ЦУКАНОВ ФЭМИЛИ ФАУНДЕЙШН

Целков Олег


15 июля 1934, Московская область

В бездне отчания.

Если ты по-настоящему безразличен,

никто из тех, кто может причинить тебе

зло, про тебя просто не вспомнит и не подумает.             
                                     

                 Виктор Пелевин. "Чапаев и пустота".
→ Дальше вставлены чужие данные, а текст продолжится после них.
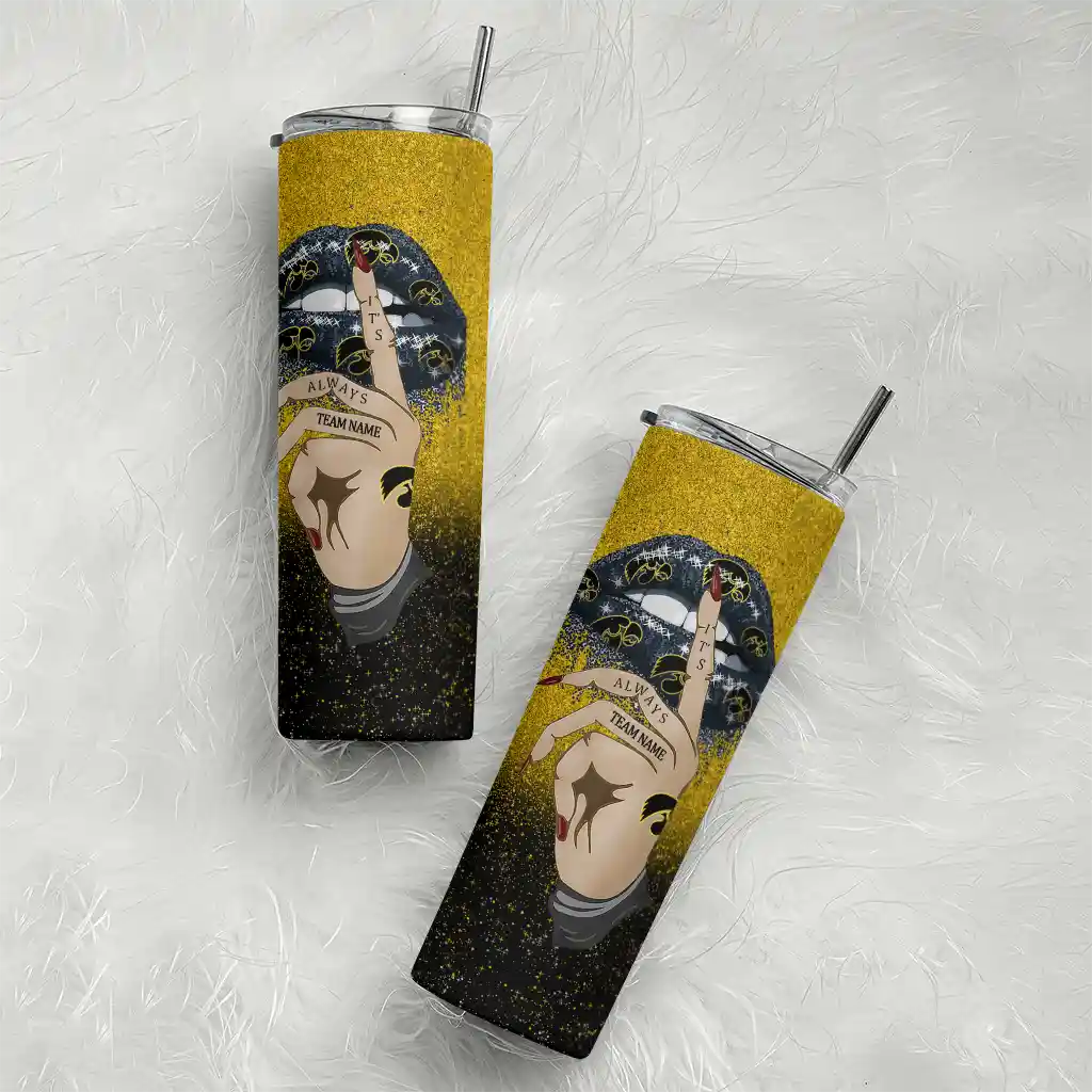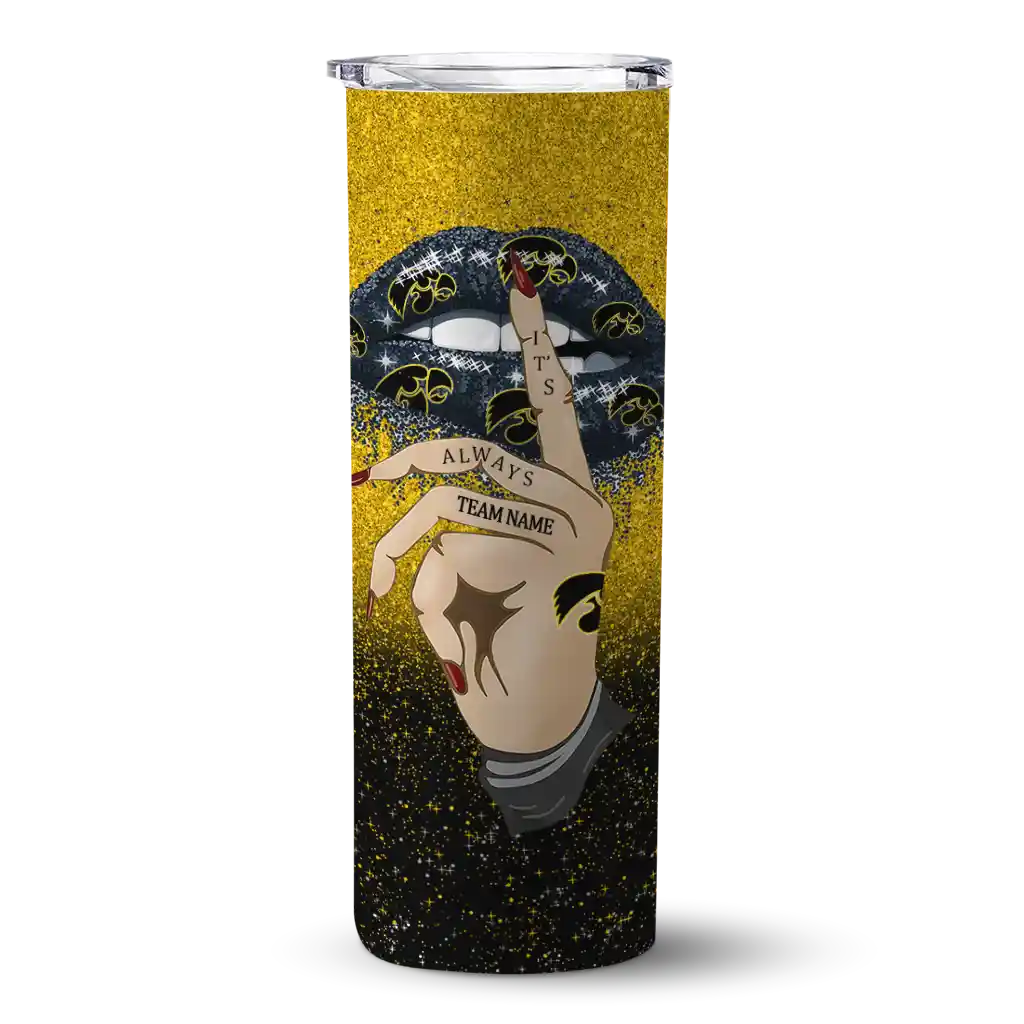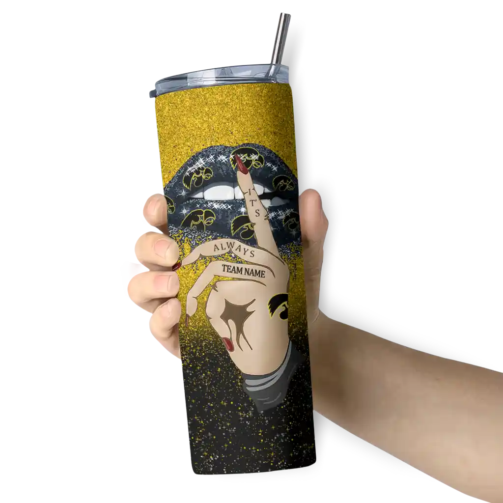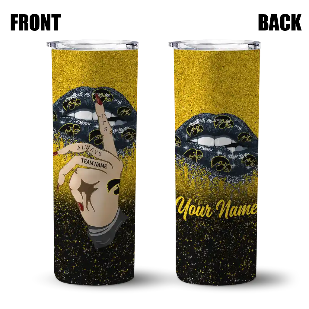 Personalized Iowa Hawkeyes Sparkle Lips Black Skinny Tumbler

Более полувека Олег Целков пишет один и тот же «портрет» чудовищного мунтанта – человеководобного существа, в котором все ужасно: и огромное плоское лицо, и крошечные щелочки глаз, и отверстый в крике безгубый рот. Образ мускулинного насилия напоминает об исследованиях «прирожденных преступников» Чезаре Ломброзо: ассиметрия черепа, выступающее вперед лицо, короткий, скошенный лоб, выступающие надбровные дуги… «Физическое» существо, не способно чувствовать боль – ни собственную, ни тем более – чужую.

Долгие годы казалось, что источник мощи, наглой, всепобеждающей агрессии этой твари – репрессивная система, в которой рос и формировался художник, хотя никакие внешние ее признаки в его картинах обнаружить невозможно. Целков и сам долгое время был уверен, что изображает порожденное социализмом зло, пишет пародию  на авторитарное общество, создавшее «нового человека» – безликий, единый во всех порывах «советский народ». Вслед запрещенным в те годы к публичному показу, запертым в запасниках Русского музея «крестьянским циклам»  Казимира Малевича (1928–1932), он представляет лишенные индивидуальных черт фигуры. Но в годы «великого перелома» –  радикального поворота огромной страны, жертвами которого стали миллионы, в первую очередь,  миллионы крестьян, трансформация только начиналась. Целков подводит итоги действия «освенцима человеческого духа» –  мира, погруженного во тьму и зло.

Отчисленный «за формализм» из нескольких художественных учебных заведений  бунтарь довольно рано нашел свою емкую и универсальную формулу,  движущей силой которой стало отвращение к cуществующему порядку, в том числе и художественному.  Подобно своим современникам, абстрактным экспрессионистам, он, демонстрируя разочарование в гуманистическом проекте, исследовал темную сторону человеческой натуры, инстинкты освобожденного от всего личного и рационального существа.  Писал ярким брутальным цветом, без полутонов, почти полностью ограничиваясь основой спектра: красным, фиолетовым, зеленым, синим.  Прозрение пришло вдруг и сразу, в разгар не соблазнившей и не обманувшей художника хрущевской «оттепели», за несколько лет до того, как лидер чехословацкой компартии сформулировал популярную доктрину о «социализме с человеческим лицом».  «После десятилетия упорных и бесплодных трудов в 1960 году я написал свою первую, первую свою, картину с двумя лицами – «Портрет»… Я впервые, первый, случайно «стянул» с лица лицо «по образу и подобию» и увидел – ЛИЦО. Потрясению моему не было предела. Я написал как бы портрет, однако не портрет отдельно взятого субъекта, а портрет всеобщий. Всех вместе в одном лице и – до ужаса знакомом. Я вовсе не ставил задачи «срывать с лица маску», да и увидел я не «плохое» или «хорошее», а нечто более – похожее, более подлинное. На лице? Точнее, в двух лицах отпечатались милионы лет, прожитые человечеством в прошлом. И столько же – в непроглядном будущем». Расплываясь по большим, по меркам неофициальной школы холстам, скалясь и пихаясь, рожи начали двоиться, троиться, множиться, воспроизводя себе подобных соединяясь в толпу человекоподобных монстров, готовых всегда и на все: распинать, линчевать, судить, спасать.

Для Целкова нет ни эллина, ни иудея, ни даже самого художника – автопортреты неотличимы от всех других физиономий и ничуть не комплиментарнее портретов. И апостолы в «Тайной вечери» ярятся теми же бессмысленными масками, что и персонажи из «Голгофы». Это самый примитивный вариант маски, подобный тем, что используются в первобытных культурах для обозначения простых и важных смыслов. Главным из которых всегда оставалось исключение индивидуальности,  любых признаков личности – того, что составляет традиционный портрет. На очень короткое время, в начале семидесятых, монолитная система поменялась – персонажи утратили однозначность и универсальность, на картинах возникли узнаваемые лица – узнаваемые, впрочем, относительно: художник утверждает, что сам стал похож на своих героев – начал бриться наголо, «глаза превратились в щелочки, как у героев моих картин». Чуть более светлыми и менее экспрессивными работы Целкова стали после его отъезда в вынужденную эмиграцию. Но и западный социум,  навязывающий  совсем другие схемы и образы, оставил простор для мизантропических, саркастических исследований жестокой природы истинного «внутреннего» homo sapiens.